In addition, Lender shall have all the rights and remedies expressly provided
elsewhere in this Agreement and in the Related Documents or available at law, in
equity, or otherwise. Except as may be prohibited by applicable law, all of
Lender's rights and remedies shall be cumulative and may be exercised singularly
or concurrently. Election by Lender to pursue any remedy shall not exclude
pursuit of any other remedy, and an election to make expenditures or to take
action to perform an obligation of Borrower or of any Guarantor shall not affect
Lender's right to declare a default and to exercise its rights and remedies.

         MISCELLANEOUS PROVISIONS. The following miscellaneous provisions are a
part of this Agreement:

         AMENDMENTS. This Agreement, together with any Related Documents,
         constitutes the entire understanding and agreement of the parties as to
         the matters set forth in this Agreement. No alteration of or amendment
         to this Agreement shall be effective unless given in writing and signed
         by the party or parties sought to be charged or bound by the alteration
         or amendment.

         GOVERNING LAW. THIS AGREEMENT HAS BEEN DELIVERED TO LENDER AND ACCEPTED
         BY LENDER IN THE STATE OF TEXAS. IF THERE IS A LAWSUIT, AND IF THE
         TRANSACTION EVIDENCED BY THIS AGREEMENT OCCURRED IN HARRIS COUNTY,
         TEXAS, BORROWER AGREES UPON LENDER'S REQUEST TO SUBMIT TO THE
         JURISDICTION OF THE FEDERAL OR STATE COURTS OF HARRIS COUNTY, THE STATE
         OF TEXAS. THIS AGREEMENT SHALL BE GOVERNED BY AND CONSTRUED IN
         ACCORDANCE WITH THE LAWS OF THE STATE OF TEXAS AND APPLICABLE FEDERAL
         LAWS. THE PROVISIONS OF THIS PARAGRAPH ARE SUBJECT TO ANY PROVISIONS ON
         ARBITRATION CONTAINED IN THIS AGREEMENT AND/OR IN ANY RELATED
         DOCUMENTS.




                                       9


         CAPTION HEADINGS. Caption headings in this Agreement are for
         convenience purposes only and are not to be used to interpret or define
         the provisions of this Agreement.
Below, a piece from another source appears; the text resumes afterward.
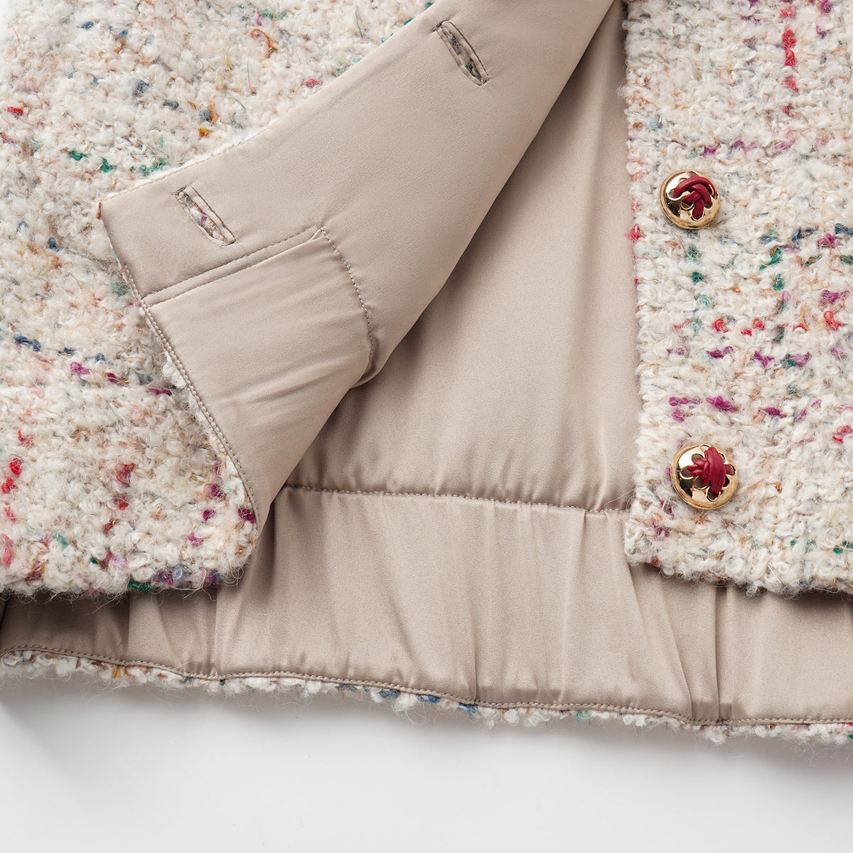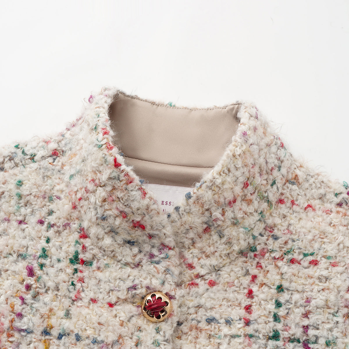 妳可以選擇將花呢外套搭配一件簡約素T與牛仔褲,輕鬆應對日常通勤;也能將精緻的立體蕾絲上衣與寬腿長褲搭配,在週末午後的藝文活動中展現層次品味。這不僅是一套衣服,而是一種「高級但不遙遠」的穿衣態度,是妳風格語彙的延伸,而非束縛。

         CONSENT TO LOAN PARTICIPATION. Borrower agrees and consents to Lender's
         sale or transfer, whether now or later, of one or more participation
         interests in one or both of the Loans to one or more purchasers,
         whether related or unrelated to Lender. Lender may provide, without any
         limitation whatsoever, to any one or more purchasers, or potential
         purchasers, any information or knowledge Lender may have about Borrower
         or about any other matter relating to the Loans, and Borrower hereby
         waives any rights to privacy it may have with respect to such matters.
         Borrower additionally waives any and all notices of sale of
         participation interests, as well as all notices of any repurchase of
         such participation interests, subject to the terms and conditions of
         the Loan Agreement. Borrower also agrees that the purchasers of any
         such participation interests will be considered as the absolute owners
         of such interests in the Loans and will have all the rights granted
         under the participation agreement or agreements governing the sale of
         such participation interests. Borrower further waives all rights of
         offset or counterclaim that it may have now or later against Lender or
         against any purchaser of such a participation interest and
         unconditionally agrees that either Lender or such purchaser may enforce
         Borrower's obligation under the Loans irrespective of the failure or
         insolvency of any holder of any interest in the Loans. Borrower further
         agrees that the purchaser of any such participation interests may
         enforce its interests irrespective of any personal claims or defenses
         that Borrower may have against Lender.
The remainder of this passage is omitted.